Thank you for your answer. My idea was to change the initial position and speed of the vehicle at the beginning of each episode, but I was never able to find out where the code generated and stored this data. I will try to modify in (https://github.com/wuxiyang1996/Heterogeneous_Highway_Env/blob/b96a34754f608bf3e2e9832a35c828bf11782794/envs/highway_env.py#L269) thank you

Captain6606 commented 3 months ago

I don't know if I made myself clear. It does not change the generation rules of the initial position and speed of the vehicle, but changes the data of the vehicle initialization when the vehicle is initialized on the road. Thank you again and look forward to hearing from you.

wuxiyang1996 commented 3 months ago

You can start by changing the code here: https://github.com/wuxiyang1996/Heterogeneous_Highway_Env/blob/b96a34754f608bf3e2e9832a35c828bf11782794/envs/highway_env.py#L233

Try to replace the create_random things here: https://github.com/wuxiyang1996/Heterogeneous_Highway_Env/blob/b96a34754f608bf3e2e9832a35c828bf11782794/vehicle/kinematics.py#L51

with the fixed initial positions and velocity you want.

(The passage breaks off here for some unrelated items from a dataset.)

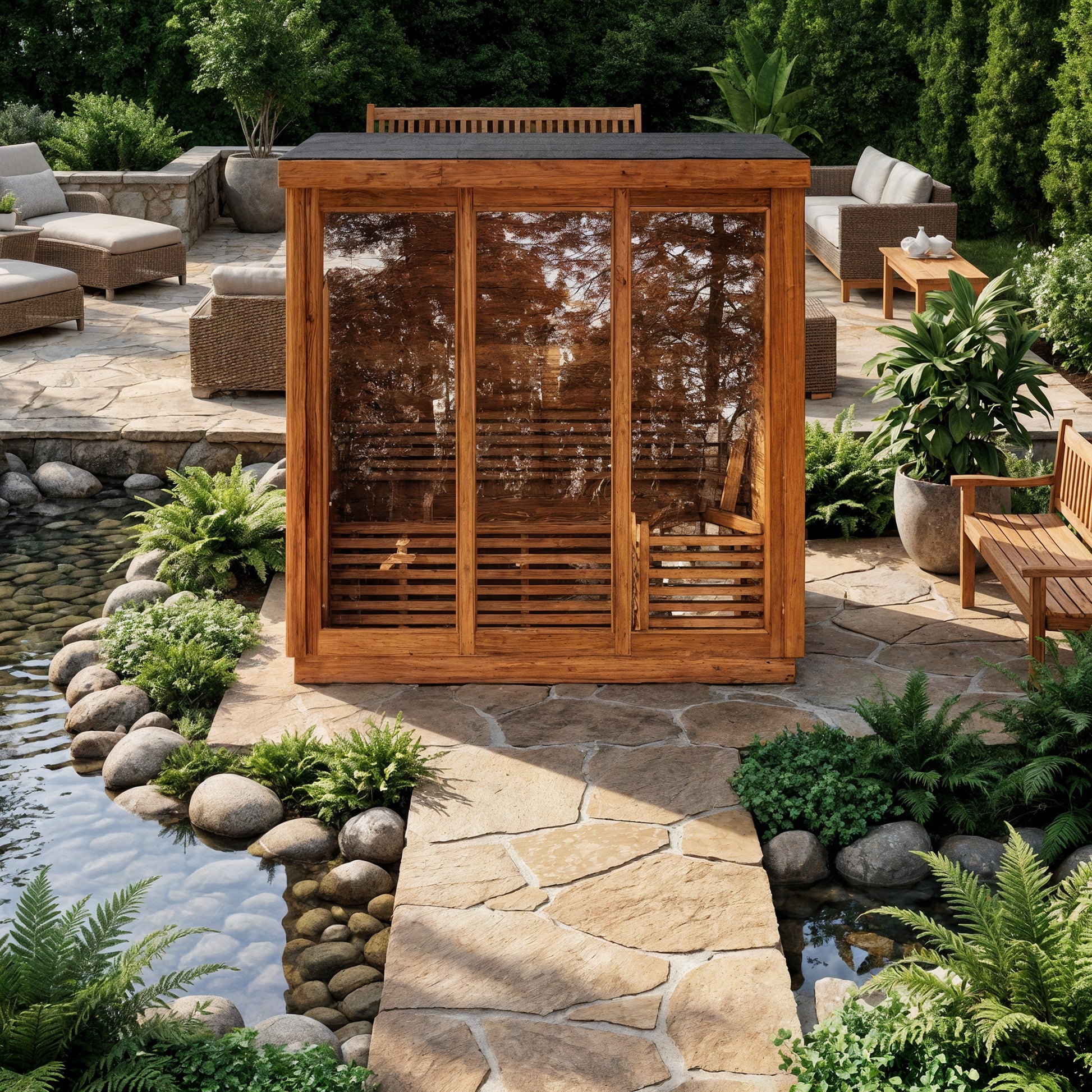 Modern Box Design: Sleek, contemporary sauna featuring three large front glass panels and a side-entry door for easy access and an open, modern feel.
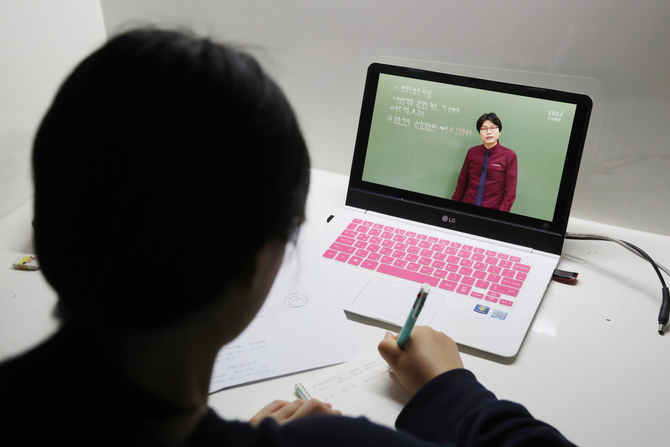 학생들은 집에서 데스크톱이나 노트북, 스마트패드, 스마트폰 등으로 수업을 듣는다.
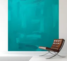 Un'opera d'arte astratta di colore turchese vibrante mostra una serie di pennellate e texture, creando un'atmosfera rilassante e sofisticata adatta agli spazi contemporanei.
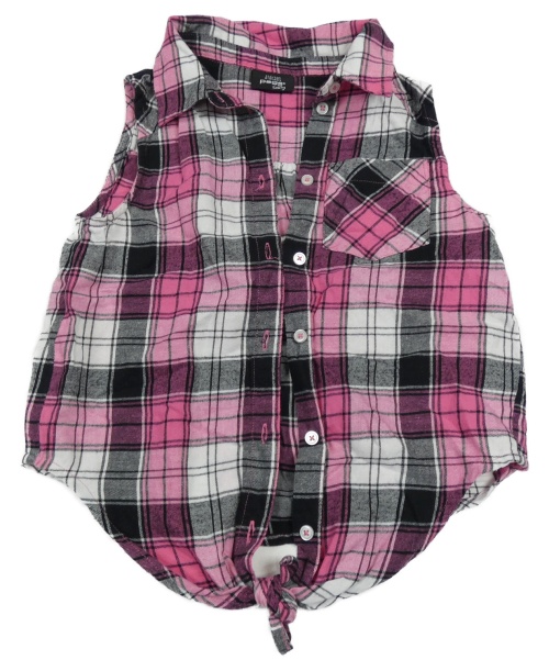 Ružovo-čierno-biela kockovaná crop blúzka Page One Young

Captain6606 commented 3 months ago

I'm sorry, I think you misunderstood me. I've fixed the random numbers and made sure I get the same reward in the same scenario.But I have a new problem: 1.When the initialization of the vehicle is complete, there should be a variable to store the initialization information of the vehicle.Now, I want to find this variable and make some changes to it.This change is not a change to the function that generates the vehicle. Thank you very much for your reply!

wuxiyang1996 commented 3 months ago

Well, for this case, you can try to print out and store the state via the get_state() function each time after the scenario is reset, while each time when you want to use the previous scenarios, you can choose to load the previous initialization with the modified _create_vehicles() function.

However, in the current version of the code, there's no variable that specifically stores the vehicle's initialization information.

Captain6606 commented 3 months ago

yeah,I print env.get_state() here: https://github.com/wuxiyang1996/iPLAN/blob/7e4b79a6083fa7800dbfb3e05bdbff981f40bed2/envs/env_wrappers.py#L155-L158 and when I run it, env.get_state() seems to output the initial information of the vehicle, such as: [[0, 1, 107.05111102678124, 28.0, 25.0, 0.0], [1, 1, 118.67782275741445, 0.0, 21.09154345284106, 0.0]] There are 55 pieces of data in total. When I print the variable ob,It should record the observations of each Agent,such as: `(array([[ 0. , 1. , 1. , 0.28 , 1. ,

  1. ], [ 1. , 1. , 0.11626711, -0.28 , -0.19542283,
  2. ], [ 2. , 1. , 0.24567655, -0.16 , -0.11436658,
  3. ], [ 3. , 1. , 0.37630385, -0.04 , -0.1666415 ,
  4. ], [ 4. , 1. , 0.5108889 , -0.12 , -0.16142389,
  5. ], [ 5. , 1. , 0.63980925, -0.2 , -0.1665415 ,
  6. ], [ 6. , 1. , 0.78124917, -0.2 , -0.09749381,
  7. ], [ 7. , 1. , 0.90969723, -0.28 , -0.13411503,
  8. ], [ 8. , 1. , 1. , 0. , -0.18063286,
  9. ], [ 9. , 1. , 1. , -0.12 , -0.18572257,
  10. ], [10. , 1. , 1. , -0.2 , -0.08419205,
  11. ], [11. , 1. , 1. , -0.08 , 0. ,
  12. ], [12. , 1. , 1. , 0. , -0.13351567,
  13. ], [13. , 1. , 1. , 0. , -0.10553368,
  14. ], [14. , 1. , 1. , -0.2 , -0.14105844,
  15. ]], dtype=float32))`
    Contains five arrays,each array should record the observation data of an Agent. When I try to modify the contents of env.get_state() here, something very annoying happens to me.The data recorded by variable ob is still env.get_state without modifying previous observations.
wuxiyang1996 commented 3 months ago

For the task you are working on, I strongly suggest you focus on recording the initial position, velocity, and agent type from the create vehicle function.

env.get_state() is just a function to print out the real-time state without doing anything new.

Another thing, I feel you may need to copy (or deep copy) the array you want to modify with. What you mentioned seems like a long-lasting issue for Python.